PROBLEM DESCRIPTION: Which lines in the data below contain the word "broken"? Copy each of them.

[Records from a dataset]
..........
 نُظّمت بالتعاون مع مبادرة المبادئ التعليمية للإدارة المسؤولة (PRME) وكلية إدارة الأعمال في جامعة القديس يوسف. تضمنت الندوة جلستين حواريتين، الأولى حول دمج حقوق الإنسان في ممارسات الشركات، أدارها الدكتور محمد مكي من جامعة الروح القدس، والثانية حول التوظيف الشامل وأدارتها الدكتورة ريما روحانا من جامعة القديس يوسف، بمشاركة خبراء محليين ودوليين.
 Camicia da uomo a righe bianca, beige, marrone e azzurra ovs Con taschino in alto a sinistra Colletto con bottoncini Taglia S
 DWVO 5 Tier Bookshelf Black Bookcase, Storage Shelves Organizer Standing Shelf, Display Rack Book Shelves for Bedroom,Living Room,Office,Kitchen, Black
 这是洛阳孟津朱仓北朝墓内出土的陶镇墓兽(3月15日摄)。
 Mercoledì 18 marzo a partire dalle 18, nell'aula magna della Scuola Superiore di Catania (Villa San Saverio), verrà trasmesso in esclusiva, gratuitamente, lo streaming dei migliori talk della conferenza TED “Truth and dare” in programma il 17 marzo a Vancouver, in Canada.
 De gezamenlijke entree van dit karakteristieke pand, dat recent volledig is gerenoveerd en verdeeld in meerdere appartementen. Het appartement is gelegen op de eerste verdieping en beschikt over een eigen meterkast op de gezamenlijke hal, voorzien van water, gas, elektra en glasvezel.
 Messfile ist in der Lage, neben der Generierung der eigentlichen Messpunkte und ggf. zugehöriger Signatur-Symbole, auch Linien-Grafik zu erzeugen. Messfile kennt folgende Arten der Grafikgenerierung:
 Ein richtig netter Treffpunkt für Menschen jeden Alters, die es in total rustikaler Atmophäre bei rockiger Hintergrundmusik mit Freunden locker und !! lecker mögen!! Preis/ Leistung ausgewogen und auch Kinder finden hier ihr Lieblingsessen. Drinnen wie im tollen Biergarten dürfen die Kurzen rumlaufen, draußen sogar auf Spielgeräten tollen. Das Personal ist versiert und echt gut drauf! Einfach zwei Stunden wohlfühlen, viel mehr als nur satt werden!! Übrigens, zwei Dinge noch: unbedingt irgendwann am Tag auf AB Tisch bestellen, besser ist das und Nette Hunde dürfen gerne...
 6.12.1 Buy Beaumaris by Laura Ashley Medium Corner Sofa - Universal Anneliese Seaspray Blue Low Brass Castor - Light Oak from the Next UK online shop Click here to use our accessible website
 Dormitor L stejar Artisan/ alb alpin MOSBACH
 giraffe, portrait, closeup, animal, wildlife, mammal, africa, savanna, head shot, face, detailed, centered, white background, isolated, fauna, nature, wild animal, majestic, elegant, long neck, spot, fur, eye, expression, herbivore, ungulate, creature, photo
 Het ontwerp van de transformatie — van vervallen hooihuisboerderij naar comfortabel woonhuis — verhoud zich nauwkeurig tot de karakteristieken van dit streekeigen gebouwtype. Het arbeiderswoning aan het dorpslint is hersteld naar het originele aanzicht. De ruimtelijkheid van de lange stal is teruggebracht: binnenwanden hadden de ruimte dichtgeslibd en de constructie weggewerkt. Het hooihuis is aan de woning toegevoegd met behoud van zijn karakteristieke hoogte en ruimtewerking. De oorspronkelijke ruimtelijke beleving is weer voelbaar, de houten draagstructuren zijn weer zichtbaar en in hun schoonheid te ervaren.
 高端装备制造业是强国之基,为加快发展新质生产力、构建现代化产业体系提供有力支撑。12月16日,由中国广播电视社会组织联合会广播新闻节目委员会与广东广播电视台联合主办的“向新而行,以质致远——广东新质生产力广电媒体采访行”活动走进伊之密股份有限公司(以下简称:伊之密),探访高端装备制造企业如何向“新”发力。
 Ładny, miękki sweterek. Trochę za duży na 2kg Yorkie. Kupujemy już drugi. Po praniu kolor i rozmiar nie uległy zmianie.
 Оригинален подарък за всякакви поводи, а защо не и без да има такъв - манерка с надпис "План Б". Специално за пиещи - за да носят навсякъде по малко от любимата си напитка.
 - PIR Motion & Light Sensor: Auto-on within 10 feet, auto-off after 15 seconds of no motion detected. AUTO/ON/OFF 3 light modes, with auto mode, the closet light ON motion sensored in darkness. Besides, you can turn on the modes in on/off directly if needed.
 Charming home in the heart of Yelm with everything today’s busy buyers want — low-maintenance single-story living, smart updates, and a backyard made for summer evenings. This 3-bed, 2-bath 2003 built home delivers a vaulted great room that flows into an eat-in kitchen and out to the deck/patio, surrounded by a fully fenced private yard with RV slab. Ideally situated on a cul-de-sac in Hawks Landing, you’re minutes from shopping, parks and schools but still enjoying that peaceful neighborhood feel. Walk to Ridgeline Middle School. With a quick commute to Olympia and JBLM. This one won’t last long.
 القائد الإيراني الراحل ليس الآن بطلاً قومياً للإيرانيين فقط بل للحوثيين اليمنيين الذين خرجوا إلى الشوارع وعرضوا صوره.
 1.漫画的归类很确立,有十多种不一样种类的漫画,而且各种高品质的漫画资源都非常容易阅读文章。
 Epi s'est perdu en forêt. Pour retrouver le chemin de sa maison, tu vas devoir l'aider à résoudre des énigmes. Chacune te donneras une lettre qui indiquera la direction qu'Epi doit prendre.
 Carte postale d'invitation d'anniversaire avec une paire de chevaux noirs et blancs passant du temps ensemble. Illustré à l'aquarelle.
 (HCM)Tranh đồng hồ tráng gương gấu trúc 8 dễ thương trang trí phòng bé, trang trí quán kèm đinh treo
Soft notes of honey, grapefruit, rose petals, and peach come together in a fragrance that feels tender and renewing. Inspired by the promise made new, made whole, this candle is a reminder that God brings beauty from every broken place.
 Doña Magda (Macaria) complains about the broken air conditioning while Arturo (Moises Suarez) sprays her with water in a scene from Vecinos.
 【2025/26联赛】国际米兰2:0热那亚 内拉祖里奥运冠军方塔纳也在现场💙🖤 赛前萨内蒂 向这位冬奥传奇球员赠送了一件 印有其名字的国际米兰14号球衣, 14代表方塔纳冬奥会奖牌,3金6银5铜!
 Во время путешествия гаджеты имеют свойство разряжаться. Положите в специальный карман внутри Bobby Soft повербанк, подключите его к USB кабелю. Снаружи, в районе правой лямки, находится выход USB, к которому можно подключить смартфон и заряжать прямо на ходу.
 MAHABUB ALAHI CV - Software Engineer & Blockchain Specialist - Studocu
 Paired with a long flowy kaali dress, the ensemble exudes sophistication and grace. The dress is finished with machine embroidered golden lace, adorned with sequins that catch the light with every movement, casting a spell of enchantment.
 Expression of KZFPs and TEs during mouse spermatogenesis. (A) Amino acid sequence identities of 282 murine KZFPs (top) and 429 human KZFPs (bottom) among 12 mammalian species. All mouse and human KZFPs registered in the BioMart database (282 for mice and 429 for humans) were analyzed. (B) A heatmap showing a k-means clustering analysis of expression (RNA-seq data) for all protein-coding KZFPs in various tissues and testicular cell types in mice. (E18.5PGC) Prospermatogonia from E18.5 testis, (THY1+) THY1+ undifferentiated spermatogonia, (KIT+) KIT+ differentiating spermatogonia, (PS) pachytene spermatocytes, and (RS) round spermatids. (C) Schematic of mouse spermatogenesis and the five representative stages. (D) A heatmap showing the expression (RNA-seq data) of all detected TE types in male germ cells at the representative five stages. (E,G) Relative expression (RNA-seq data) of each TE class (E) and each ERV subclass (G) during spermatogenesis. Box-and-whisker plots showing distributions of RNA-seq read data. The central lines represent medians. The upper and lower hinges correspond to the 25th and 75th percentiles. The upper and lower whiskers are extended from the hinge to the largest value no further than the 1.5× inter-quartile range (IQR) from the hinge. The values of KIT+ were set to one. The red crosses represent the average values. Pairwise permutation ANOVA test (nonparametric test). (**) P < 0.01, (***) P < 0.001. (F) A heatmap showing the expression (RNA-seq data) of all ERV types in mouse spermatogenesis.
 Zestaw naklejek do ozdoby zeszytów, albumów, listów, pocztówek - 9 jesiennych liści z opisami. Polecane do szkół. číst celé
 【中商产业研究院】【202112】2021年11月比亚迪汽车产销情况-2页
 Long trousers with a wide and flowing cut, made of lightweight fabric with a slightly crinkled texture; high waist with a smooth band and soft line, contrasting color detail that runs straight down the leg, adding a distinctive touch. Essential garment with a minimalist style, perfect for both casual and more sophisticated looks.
..........
EXERCISE SOLUTION:
Soft notes of honey, grapefruit, rose petals, and peach come together in a fragrance that feels tender and renewing. Inspired by the promise made new, made whole, this candle is a reminder that God brings beauty from every broken place.
 Doña Magda (Macaria) complains about the broken air conditioning while Arturo (Moises Suarez) sprays her with water in a scene from Vecinos.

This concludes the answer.